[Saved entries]
┌────────
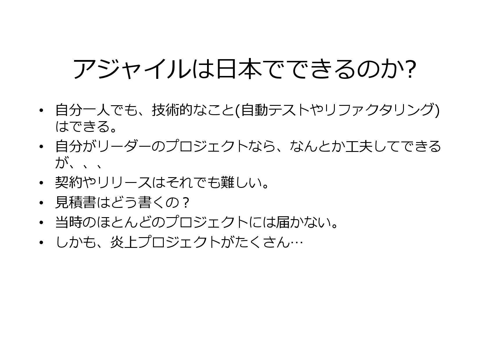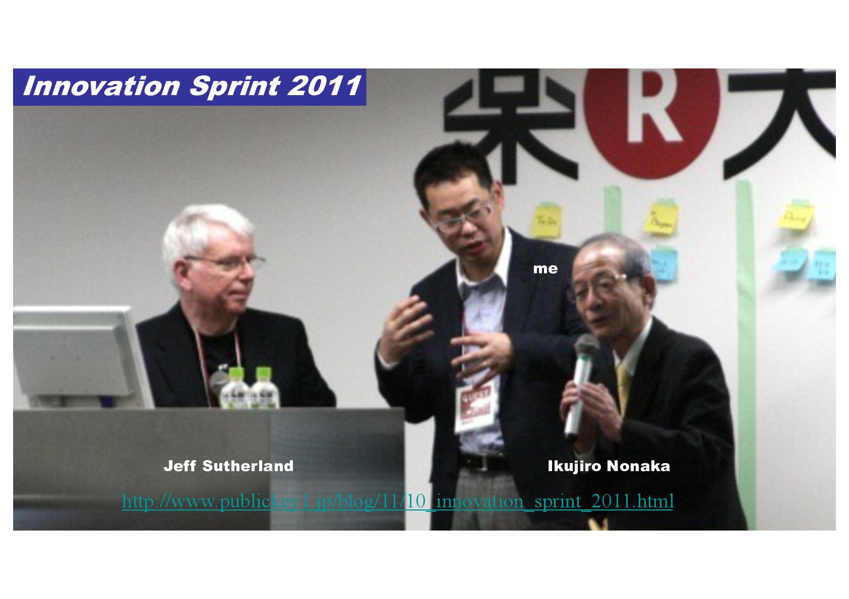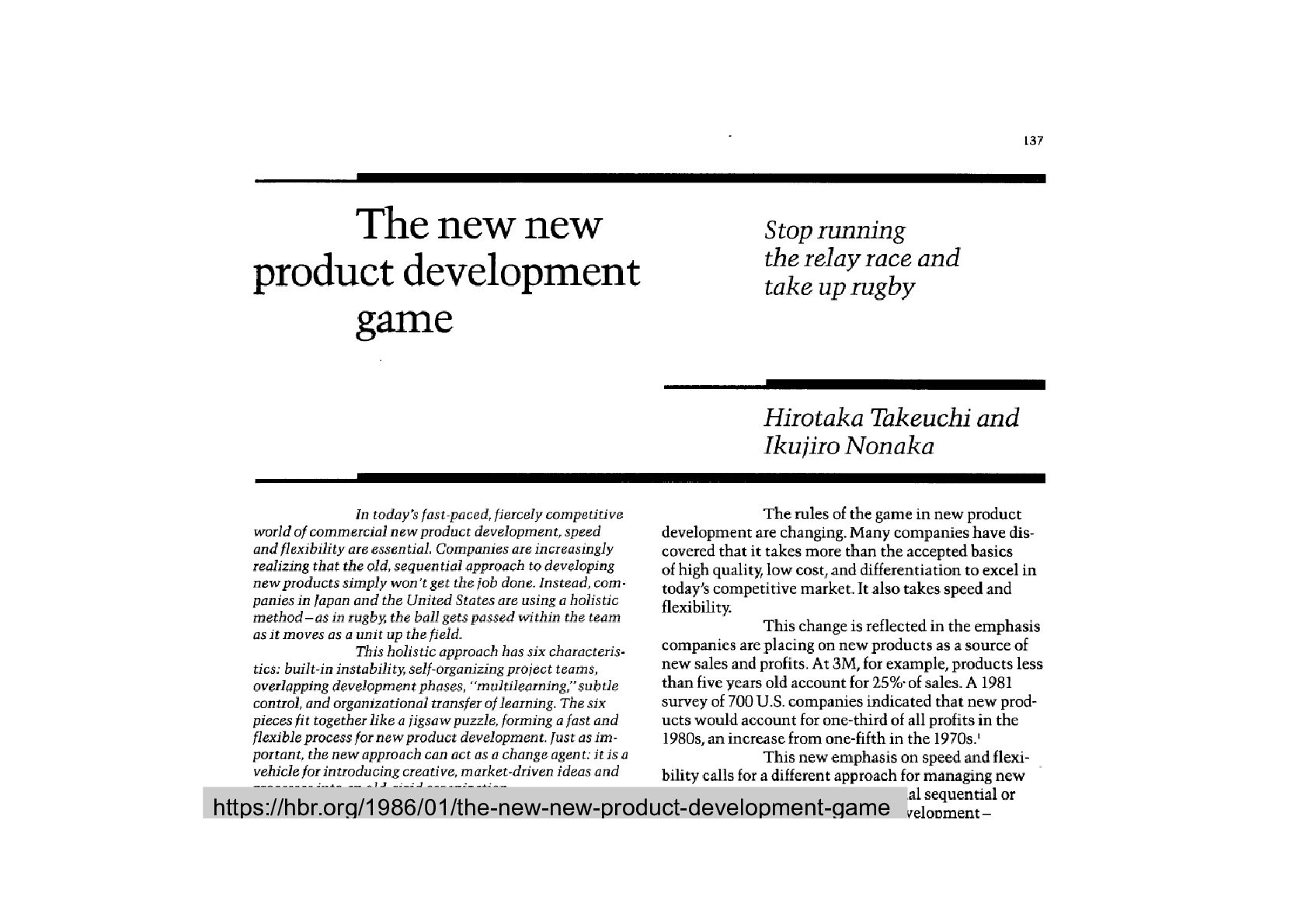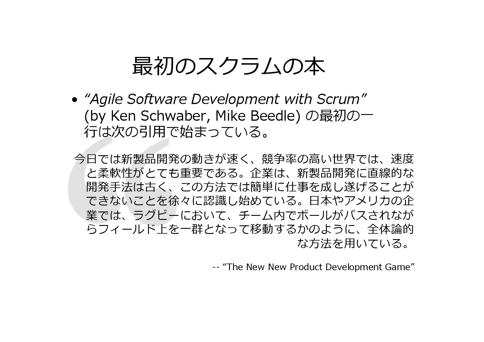 Mike Beedle) の最初の⼀ ⾏は次の引⽤で始まっている。 今⽇では新製品開発の動きが速く、競争率の⾼い世界では、速度 と柔軟性がとても重要である。企業は、新製品開発に直線的な 開発⼿法は古く、この⽅法では簡単に仕事を成し遂げることが できないことを徐々に認識し始めている。⽇本やアメリカの企 業では、ラグビーにおいて、チーム内でボールがパスされなが らフィールド上を⼀群となって移動するかのように、全体論的 な⽅法を⽤いている。 -- “The New New Product Development Game”
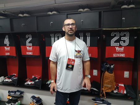 Cada jogador tem sua “baia” com o material de jogo. Camisas (primeiro e segundo tempo), calção, roupa térmica, chuteiras (três ou quatro pares para cada jogador), chinelos e um par de tênis. Por algum motivo que não saberia explicar, na baia do jogador Pará havia uma camisa do Grêmio personalizada, ele que é ex-jogador da equipe.
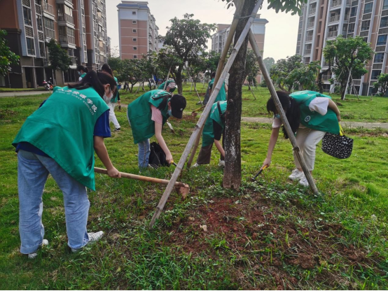 活动开始后,王强副书记,徐海丽辅导员和公司的志愿者们一同为果树挂上公司的牌子,并为果树清除周围杂草。大家分工合作,拿着锄头、小耙子精心的对每一棵果树进行维护。在整个活动过程中,大家不怕脏、不怕累,热情积极,全身心地投入除草行动中,感受劳动带来的趣味,为果树的茁壮成长贡献一份力量。
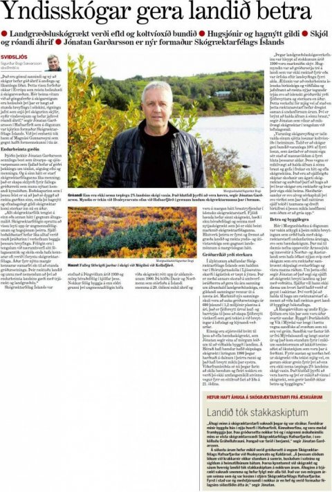 Í Laugardagsblaði Morgunblaðsins var rætt við Jónatan Garðarsson sem kjörinn var formaður Skógræktarfélags Íslands á aðalfundi félagsins 27. ágúst. Fundurinn var haldinn á Stórutjörnum í Ljósavatnsskarði.
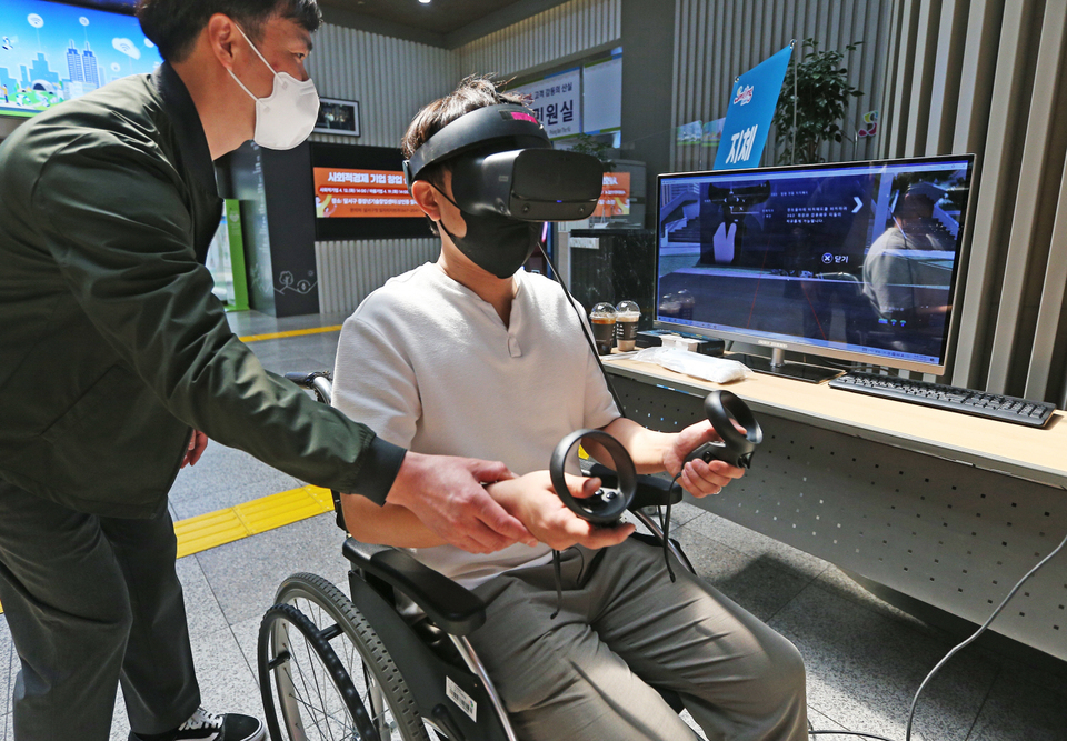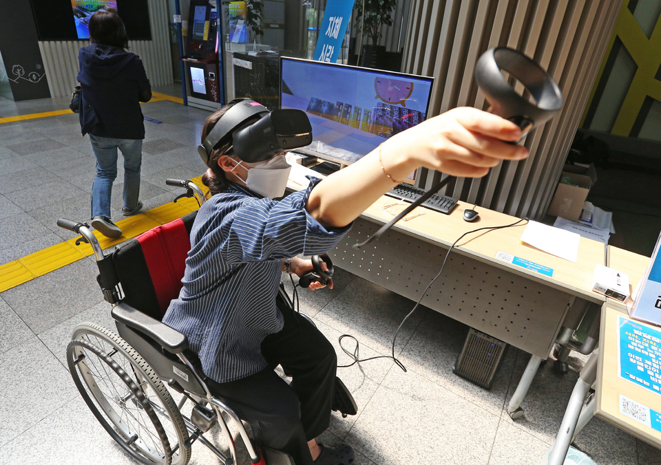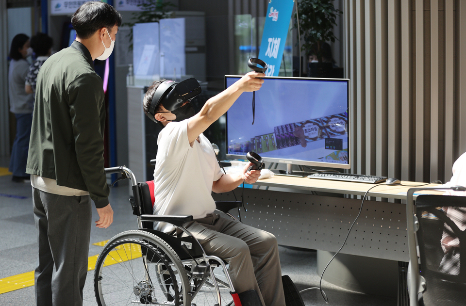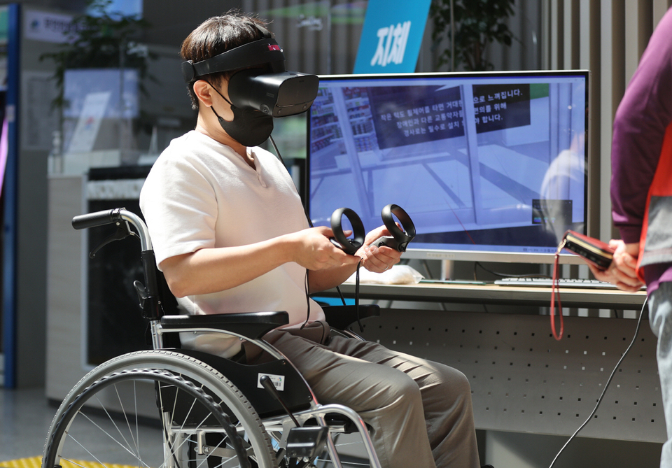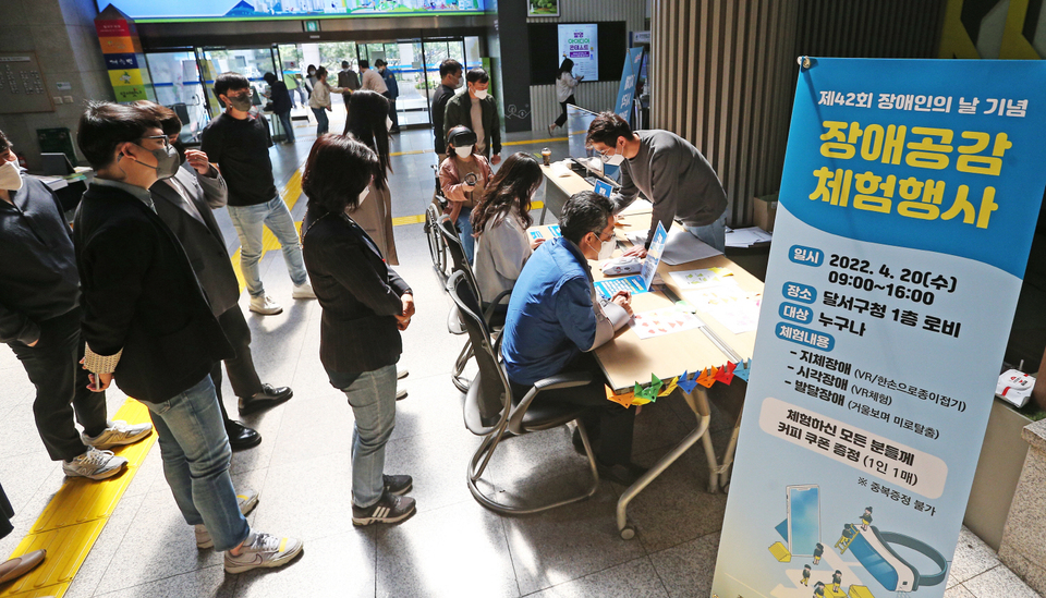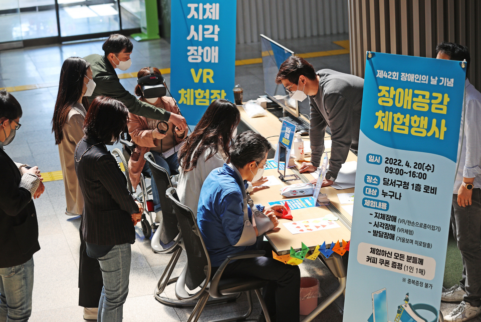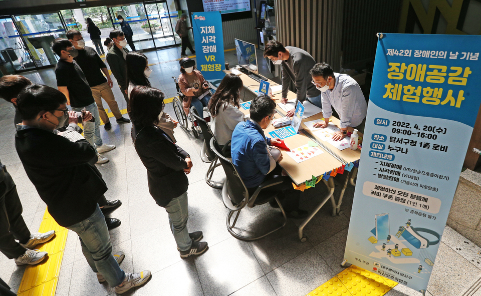 제42회 장애인의 날을 맞아 20일 오전 대구 달서구청 1층 로비에서 열린 ‘장애공감 체험행사’를 찾은 시민이 지체장애, 발달장애, 지체시각장애 VR체험을 하고 있다.
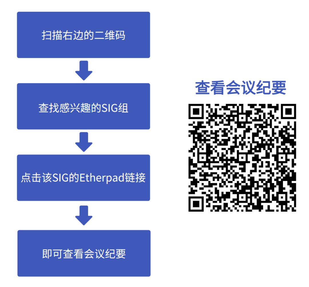 扫描下方二维码即可查看本次SIG组开放工作会议所有SIG的Etherpad链接,欢迎大家找到感兴趣的SIG组,查看本次SIG开放工作会议的会议纪要。
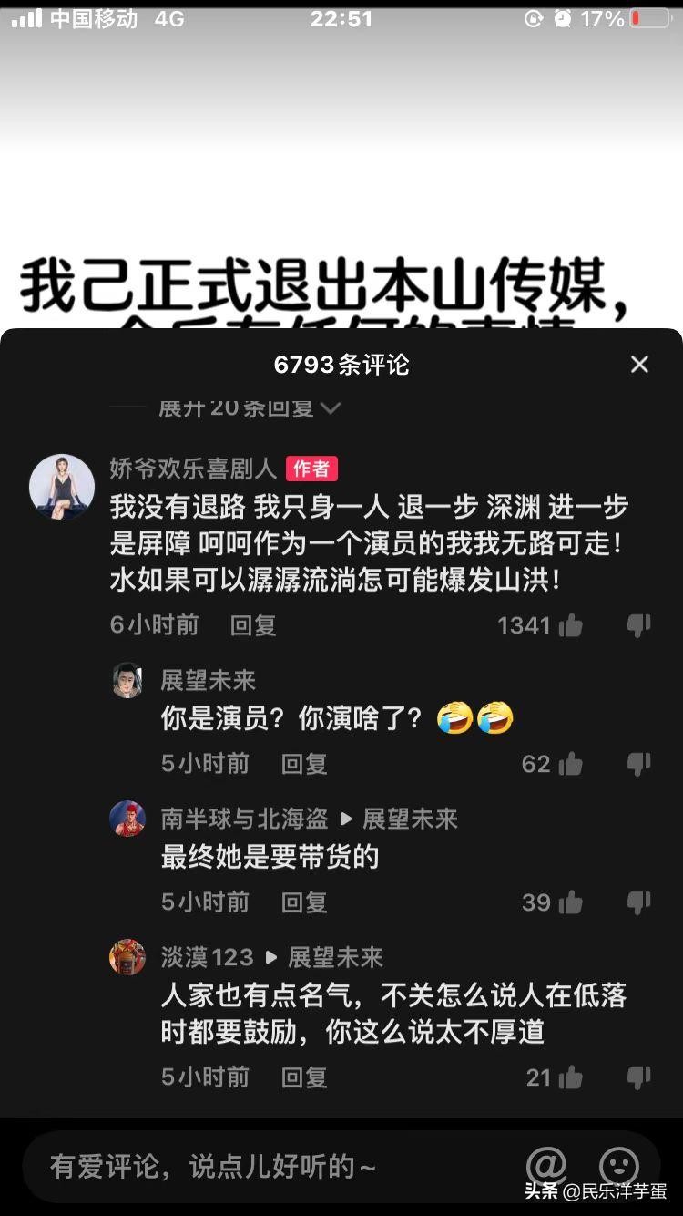娇娇在社交平台发布此消息时,配有“苍天饶过谁”字样,不知道暗指什么,到文章发布前,本山传媒还没有做出回应。
└────────
● TASK TO CARRY OUT: Reproduce the lines above beginning at the line that contains "Í Laugardagsblaði Morgunblaðsins" and ending at the line that contains "제42회 장애인의 날을". No pictures.

● SOLUTION TO THIS EXERCISE:
 Í Laugardagsblaði Morgunblaðsins var rætt við Jónatan Garðarsson sem kjörinn var formaður Skógræktarfélags Íslands á aðalfundi félagsins 27. ágúst. Fundurinn var haldinn á Stórutjörnum í Ljósavatnsskarði.
 제42회 장애인의 날을 맞아 20일 오전 대구 달서구청 1층 로비에서 열린 ‘장애공감 체험행사’를 찾은 시민이 지체장애, 발달장애, 지체시각장애 VR체험을 하고 있다.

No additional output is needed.